Google opposes German law on Google News (and similar services)

As reported by the Financial Times, yesterday Google launched a public campaign called Defend Your Net.

This is an attempt to stop Germany passing legislation that would allow publishers to charge internet search engines for displaying links to newspaper articles on services like Google News (see earlier 1709 Blog report here). 


The Bundestag is supposed to discuss what has come to be known as the Lex Google or Google Tax tomorrow.
The draft legislation is backed by Chancellor Angela Merkel's ruling coalition of Christian Democrats and Free Democrats, and is intended to recoup some of the revenues traditional publishers have lost to the web. The German association of newspaper publishers says that newspaper revenues fell 20% to €11bn per year between 2000 and 2009 as readers and advertisers migrated to the internet. In 2011 the decline in advertising revenues (-1.2 percent) was however considerably smaller than in 2009 (-15.9 percent) (some additional data can be found here).
Embarrassed Oscar caught in one of those
rare moments not spent reading
financial news online
If passed (this should happen sometime next summer), the bill would introduce an ancillary right for press publishers. This would result in search engines having to seek publishers' permission for displaying links and snippets and also pay a licence fee for their use.
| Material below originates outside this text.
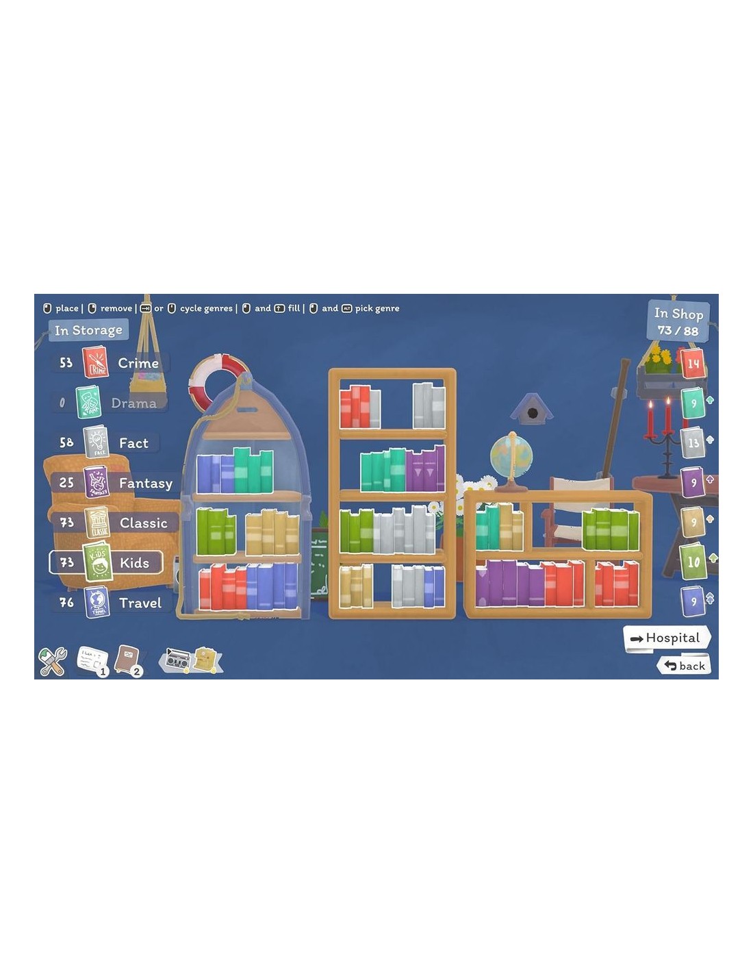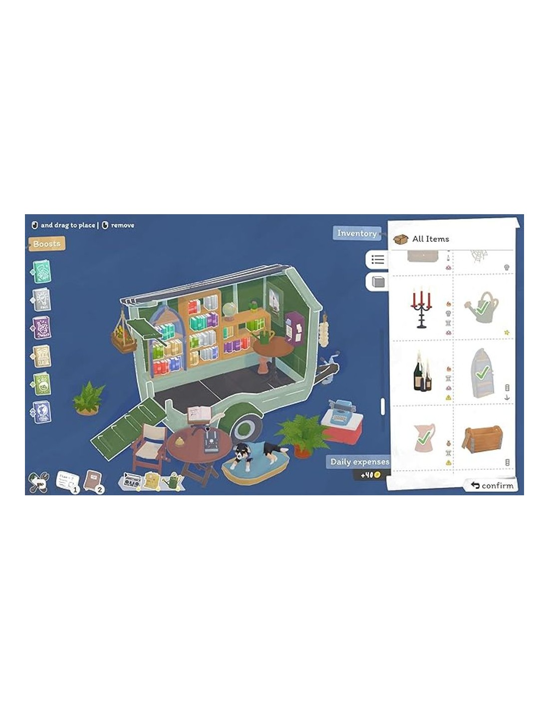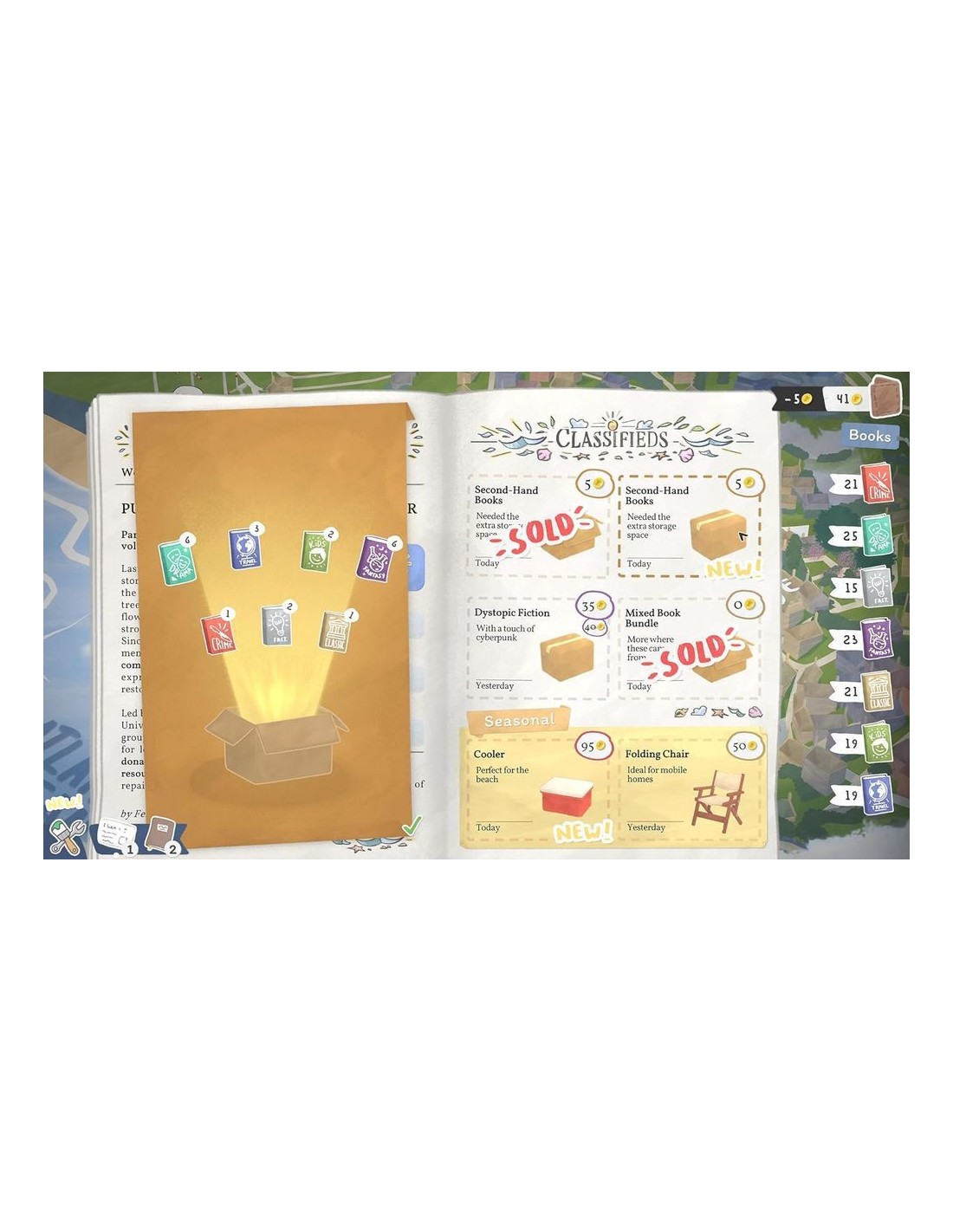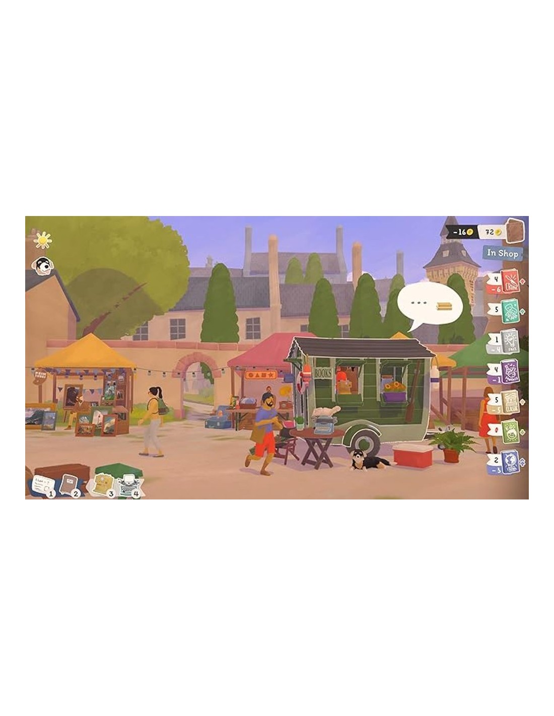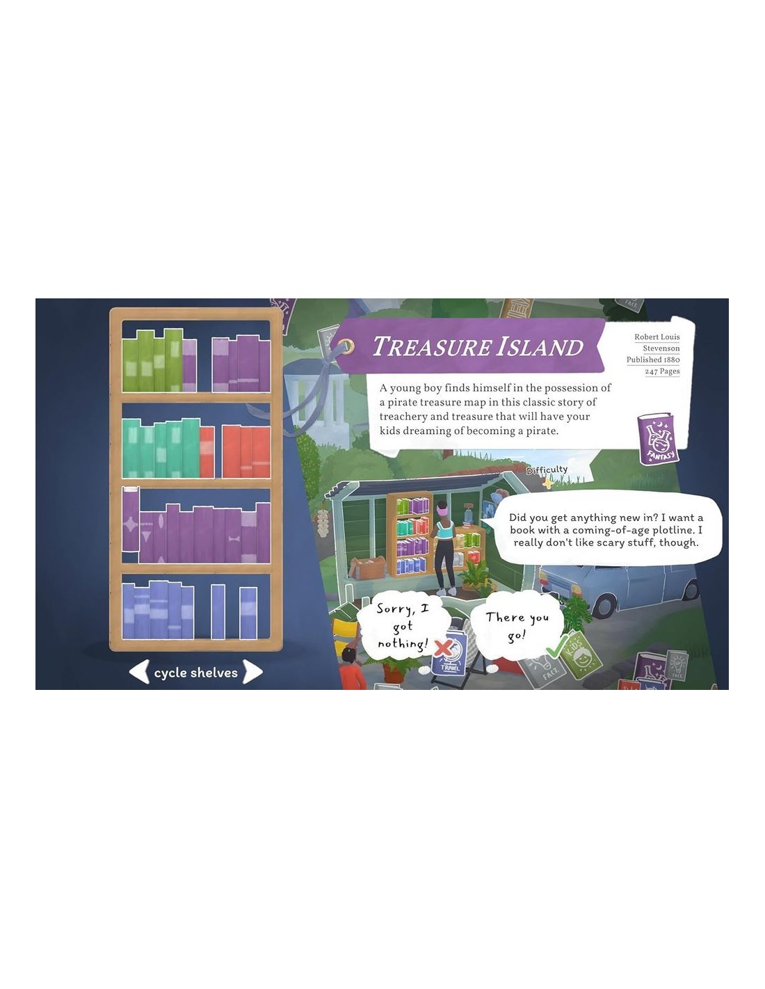 - Simulación acogedora, centrada en gestionar tu propio puesto de libros itinerante.

As explained by the Daily Business Post, the proposed piece of legislation would give publishers the exclusive right to make commercial uses of their journalistic contents in the year following their publication. 
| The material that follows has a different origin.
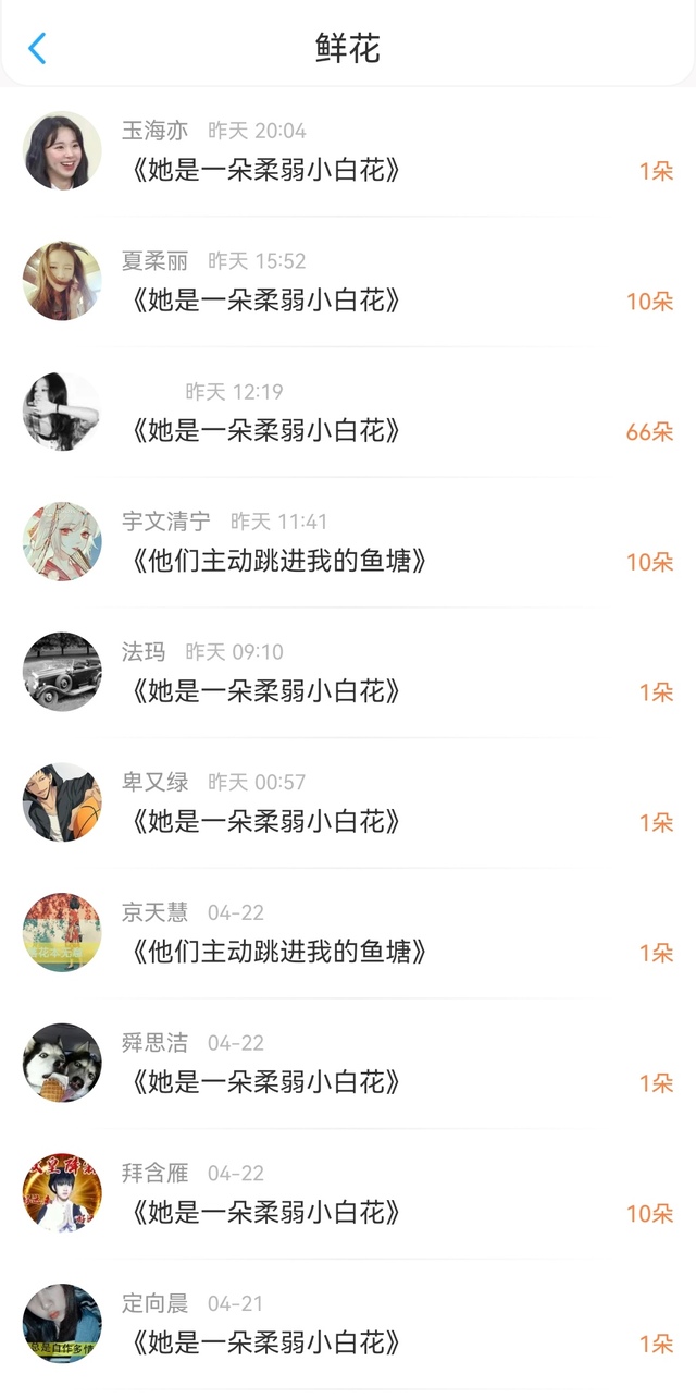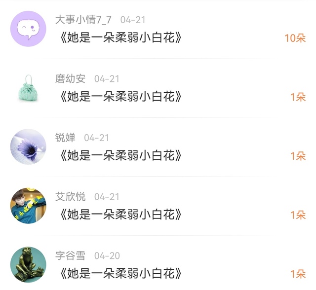 作者谢谢宝贝们送的花花,爱你们哟!🌷
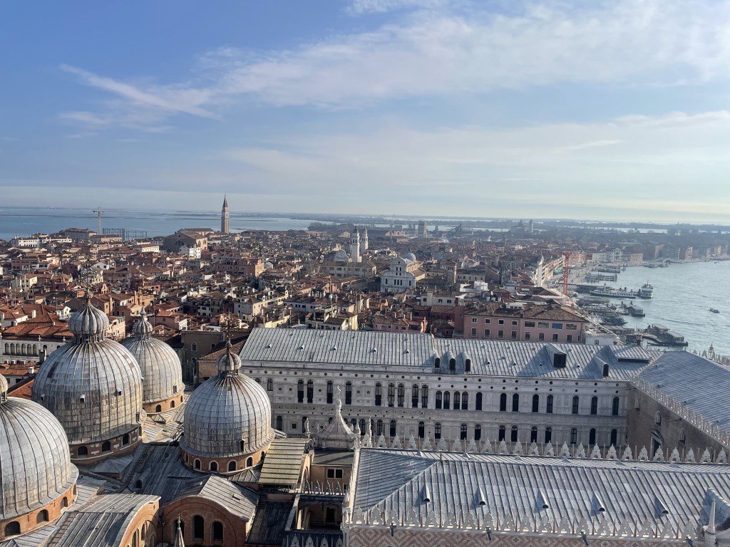 One way to get a true scope of Venice is to ride the elevator to the top of St Mark’s Campanile. The view from the top allows you to truly visualize the intricacy of the waterways that act as roads around the city. It looks as if there is no specific pattern that the canals follow but the locals just simply know how to navigate. In the middle, there’s a giant “S” shaped by the main canal that runs through the city. On the other side, you can see how the canals branch out into the Adriatic Sea. When looking at this place from an aerial view, it’s truly impressive how the Venetians have turned these waterways into a transportation system.

Google's Defend Your Net campaign contains also a page dedicated to 10 facts about intellectual property. Among the other things, Google points out that publishers can already decide whether they want their pages be found through Search. In addition, not only is the Google News service completely free of advertising, but it directs as many as 45% of a German news website's readers via google.de.
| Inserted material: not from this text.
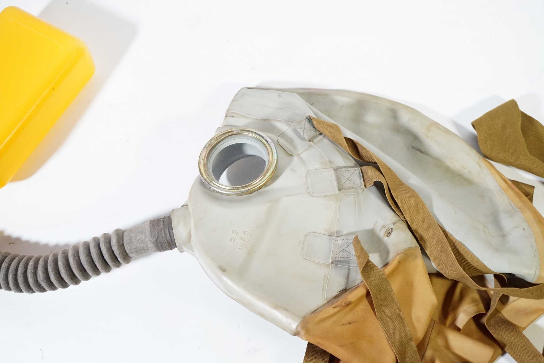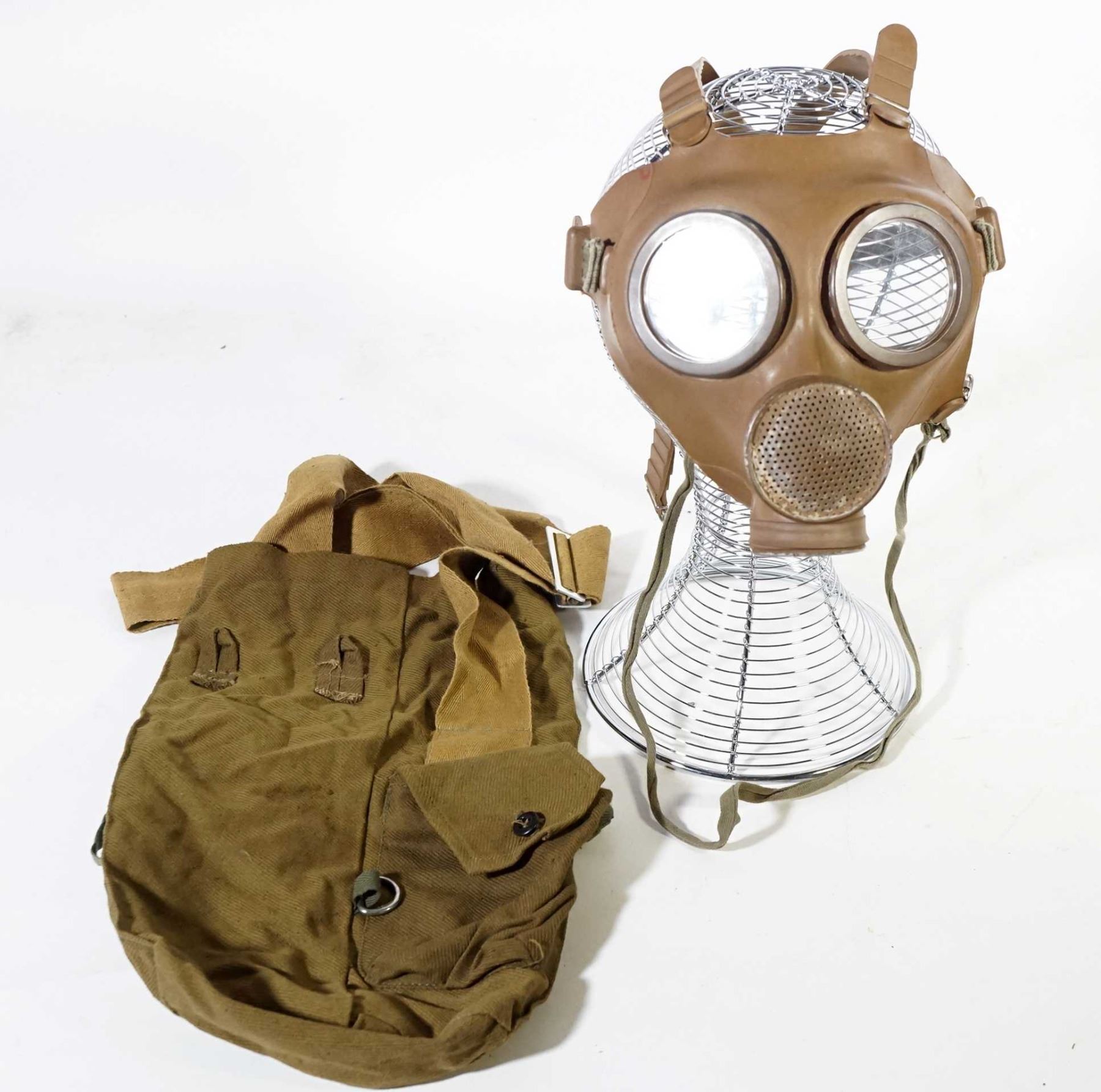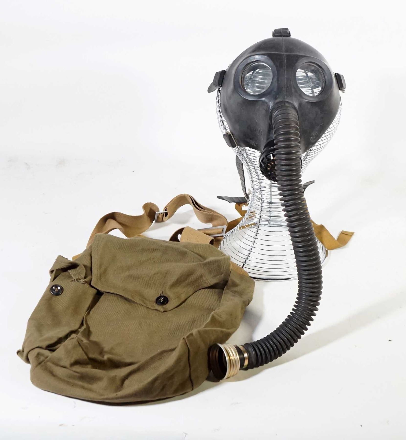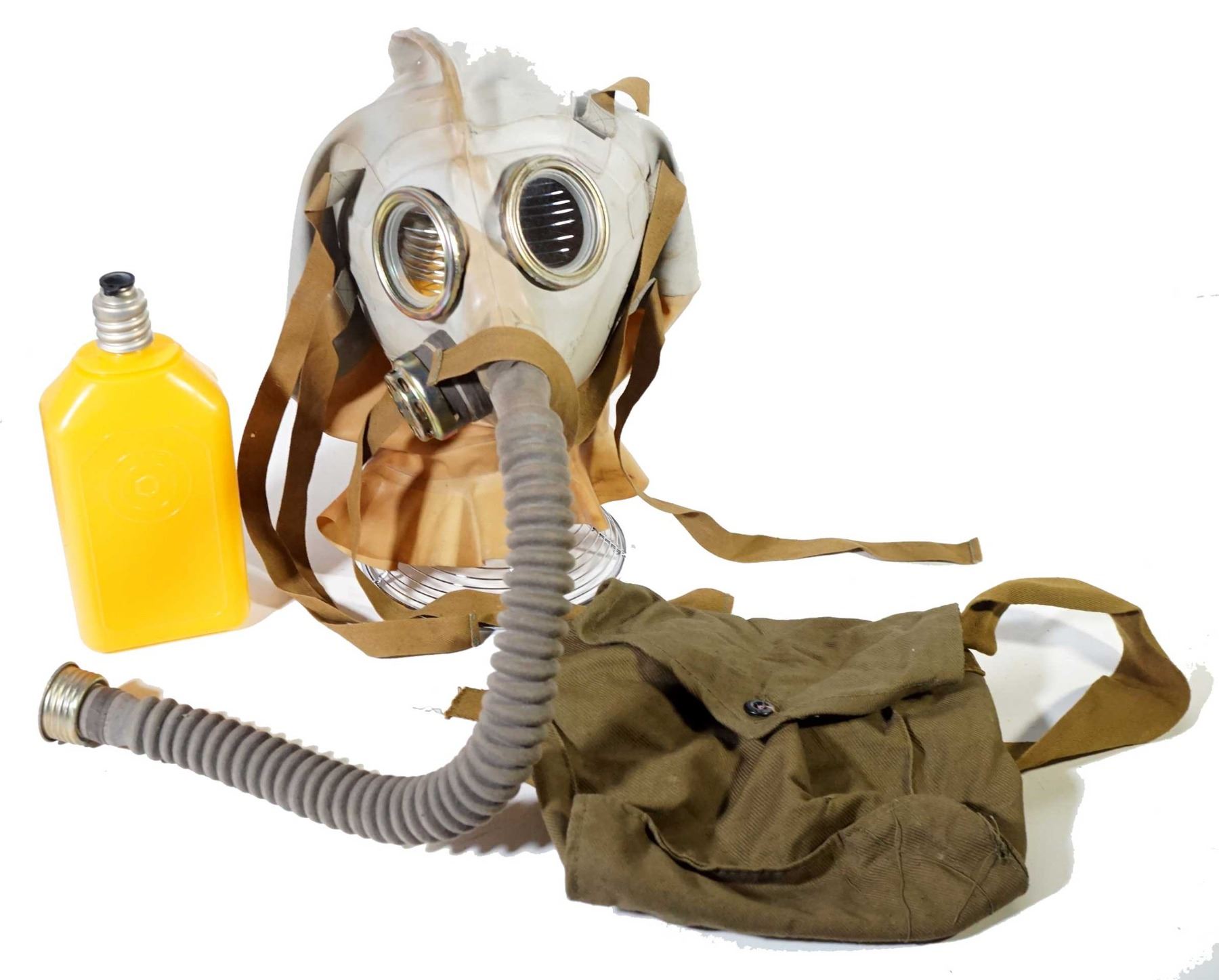 2 Belgium M-51 Masks 1 x black & 1 x brown in canvas bags with 1 Russian M-69 OM 30-IV-69B #11 Head Wound mask in canvas bag marked III-92 R-10-1106-82 and corporate logo.

There were times when news
services clearly involved acts
of communication to the public
Overall such a law, claims Google, would damage the German economy, threaten the diversity of information, result in massive legal uncertainty, set back innovative media and copyright and cause a market economy paradox. 
In the meanwhile, Mozilla has joined Google in its battle against the Lex Google. In a blog post published earlier today, Mozilla has made it clear that
[the proposed legislation] may be bad for users and the web. If snippets and headlines require licence fees, the ability to locate information may be curtailed as search engines could (and likely will) simply remove the publishers from their index - an approach Google has already taken in Belgium. If this happens, locating the news becomes more difficult. Imposition of licence fees in this context may also reduce competition by making it more difficult for new entrants who cannot pay such fees, and unintentionally favouring well-funded players who can pay.
We’ll see what the future holds for the German Lex Google. In any case, it is apparent that, should the bill be approved in the end, it would set a strong precedent which is likely to induce other European countries (eg France: see here and here) to imitate Germany and ask Google to pay for displaying links to and snippets of newspaper articles.
This Kat reckons that many interests are at stake here. However, she wonders whether some guidance on the actual legitimacy of services like Google News may come from the Court of Justice of the European Union, which has just been asked to consider whether linking may be tantamount to an act of communication, as per Article 3(1) of the InfoSoc Directive.